A new Health Canada document seems to open the door to the outdoor cultivation of marijuana, but GMP Securities analyst Martin Landry thinks the chances of that happening are low.
Earlier this week, Health Canada released a report called “Consultation on the Proposed Approach to the Regulation of Cannabis” that is intended to solicit public feedback ahead of the Canadian government bringing the proposed Cannabis Act into force no later than July 2018. Canada is expected to become the first G20 nation to legalize access to cannabis for recreational purposes.
“The proposed Cannabis Act would create a strict national framework for controlling the production, distribution, sale and possession of cannabis in Canada,” the document begins. “As part of this framework, Health Canada would be responsible for regulating production and setting standards for health and safety. The provinces and territories would oversee the distribution and sale of cannabis, subject to minimum federal conditions”.
Landry, in a research report Wednesday, said some of the proposals outlined in the paper were expected, such as plain packaging that limits the use of colours and fonts, and relaxed security requirements that implies cannabis will no longer be required to be stored in a high security vault.
But the analyst says the biggest surprise was the includion of proposed regulations around outdoor cultivation, a development he says could ultimately pressure prices because the capital expenditure requirements around growing outside are much lower. That said, the regards the chances of outdoor cultivation making it to the final cut as low.
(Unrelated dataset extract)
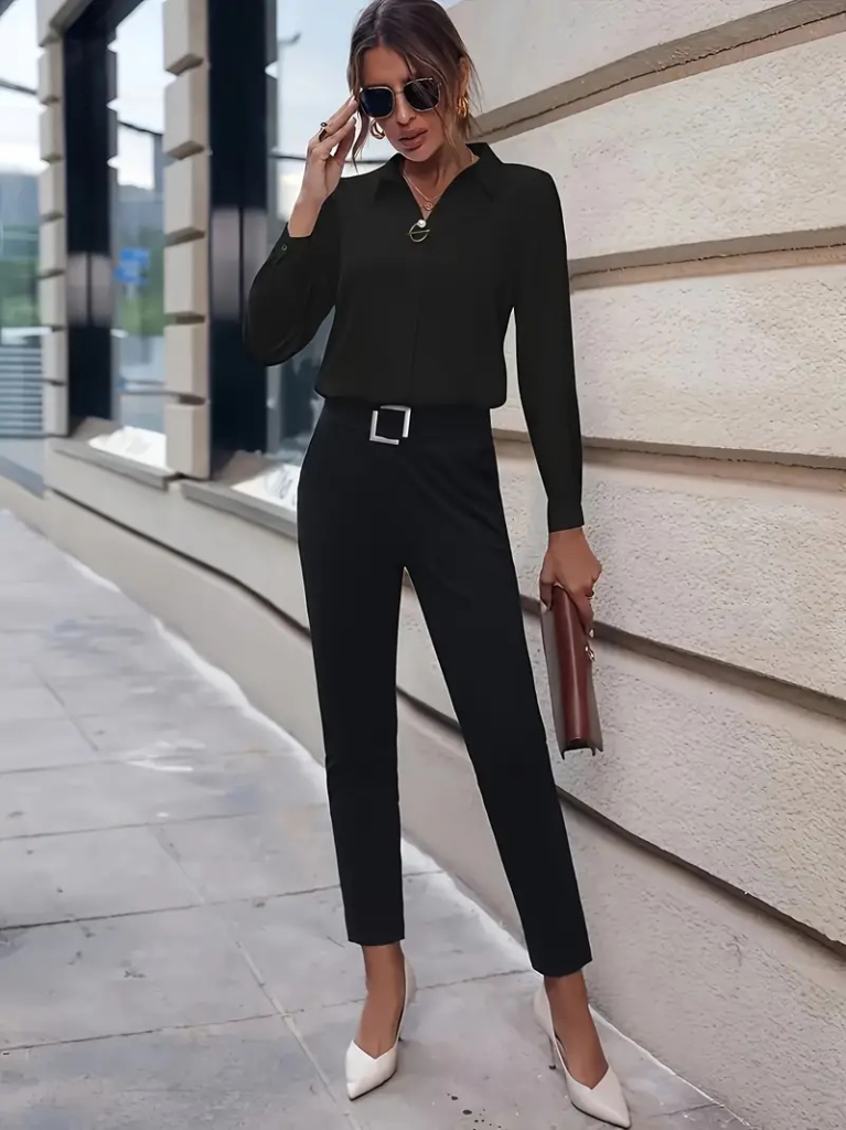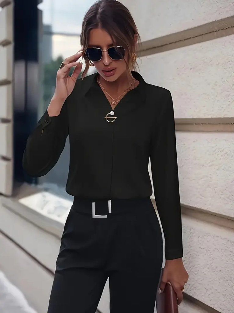 Kadın Uzun Kollu Yakalı Trikoton Gömlek

“The proposed regulations contain some changes which could have a drastic impact on the industry such as outdoor growing and CBD extracts from hemp,” the analyst explains. “However, the potential for outdoor growing to make it into the final document is low, in our view, given the difficulties and feasibility of implementing the current rules (security and quality) to outdoor growing. However, relaxed regulations on hemp farming could have a significant impact on prices of CBD extracts, a potential negative for all Canadian LPs.”
Landry says outdoor growing becoming approved is unlikely for three major reasons. First, he says securing outdoor sites could be challenging. Second, meeting the current stringent quality requirement under the Access to Cannabis for Medical Purposes Regulations act would be difficult, and lastly, there are huge potential hurdles with municipalities.
On the off chance that outdoor cultivation is allowed, Landry says existing LPs would still have a product quality advantage.
“Cultivating cannabis outdoors in Canada typically generates a lower quality dried flower product as compared to indoor production,” he notes. “This is due to the inability in an outdoor grow to effectively control the environment, one of the most important determinants of product quality. Hence in a scenario where outdoor production increases dried flower supplies, we believe resulting pricing pressure would likely be concentrated at the low-end of the dried flower product quality spectrum.”